FINRA fines Arive Capital Markets for violating telemarketing restrictions
Arive Capital Markets has agreed to pay a fine of $300,000 as a part of a settlement with the Financial Industry Regulatory Authority (FINRA).
From August 2016 to June 2020, the firm failed to establish, maintain, and enforce a supervisory system, including written supervisory procedures (WSPs), reasonably designed to achieve compliance with the suitability requirements of FINRA Rule 2111 as they pertain to excessive trading.
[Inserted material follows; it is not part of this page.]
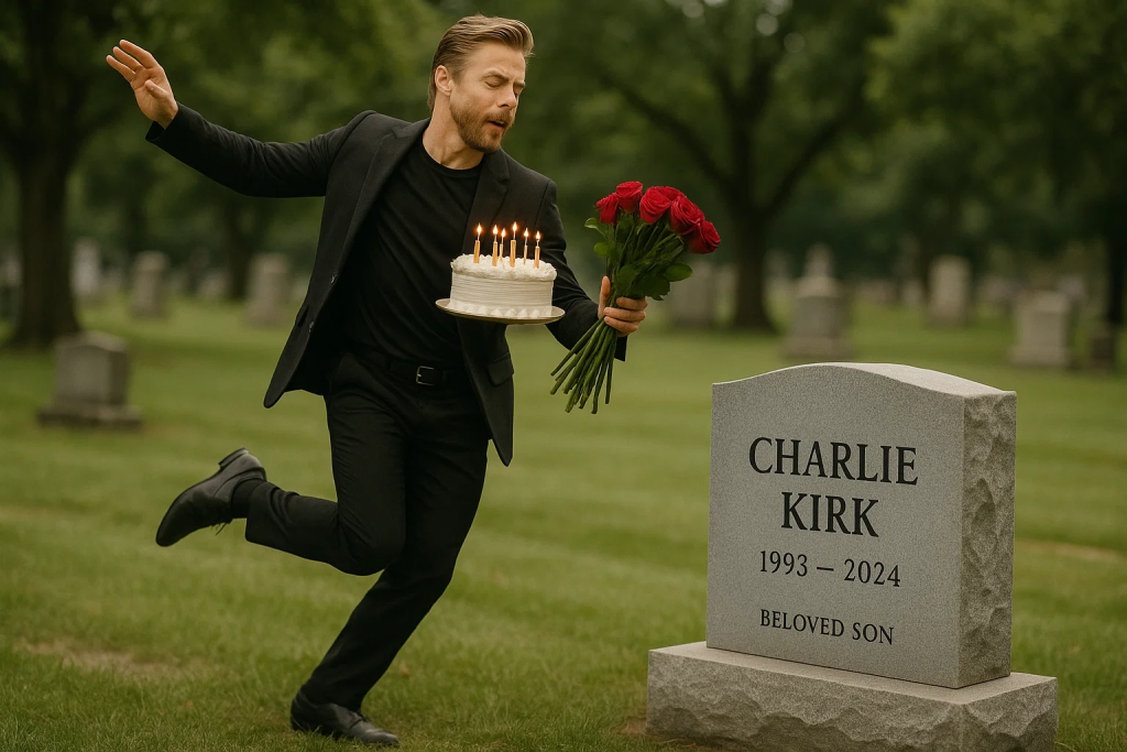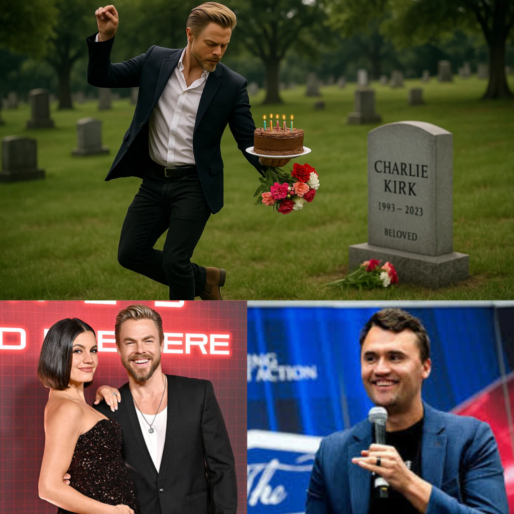 On this morning, Derek Hough stood alone at the edge of eternity. No crew, no entourage, no applause. Only the gentle rustle of leaves, the smell of damp earth, and a single white candle glowing beside the grave of his late friend — Charlie Kirk.

As a result, Arive failed to reasonably identify or address red flags of excessive trading in 12 customer accounts that caused the customers to pay a total of nearly $640,000 in commissions, costs, and margin interest. By this conduct, Arive violated FINRA Rules 3110 and 2010.
From June 2018 through February 2019, the firm failed to establish, maintain, and enforce a supervisory system, including WSPs, reasonably designed to achieve compliance with the requirements of FINRA Rule 3230 regarding telemarketing.
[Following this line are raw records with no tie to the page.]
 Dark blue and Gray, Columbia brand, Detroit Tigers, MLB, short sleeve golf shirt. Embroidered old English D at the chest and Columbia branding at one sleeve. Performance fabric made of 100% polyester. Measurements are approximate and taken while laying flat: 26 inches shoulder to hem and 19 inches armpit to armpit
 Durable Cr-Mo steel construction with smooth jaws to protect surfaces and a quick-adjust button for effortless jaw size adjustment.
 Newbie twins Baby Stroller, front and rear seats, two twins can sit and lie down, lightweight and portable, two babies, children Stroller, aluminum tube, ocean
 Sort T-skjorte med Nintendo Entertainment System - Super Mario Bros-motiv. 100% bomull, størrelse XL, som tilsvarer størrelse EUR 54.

Between June 2018 and February 2019, the firm routinely violated the telemarketing rules. Representatives made over 60,000 outbound calls to over 20,000 telephone numbers listed on the national do-not-call registry. On at least 27 instances during the relevant period, representatives at the branch office made outbound calls to telephone numbers on the firm’s do-not-call list.
In at least 32 instances, representatives made outbound telemarketing calls before 8 a.m. or after 9 p.m. local time.
By this conduct, Arive violated FINRA Rules 3230, 3110 and 2010.
On top of the $300,000 fine, the firm has agreed to a censure and to pay restitution of $594,928.74, plus interest.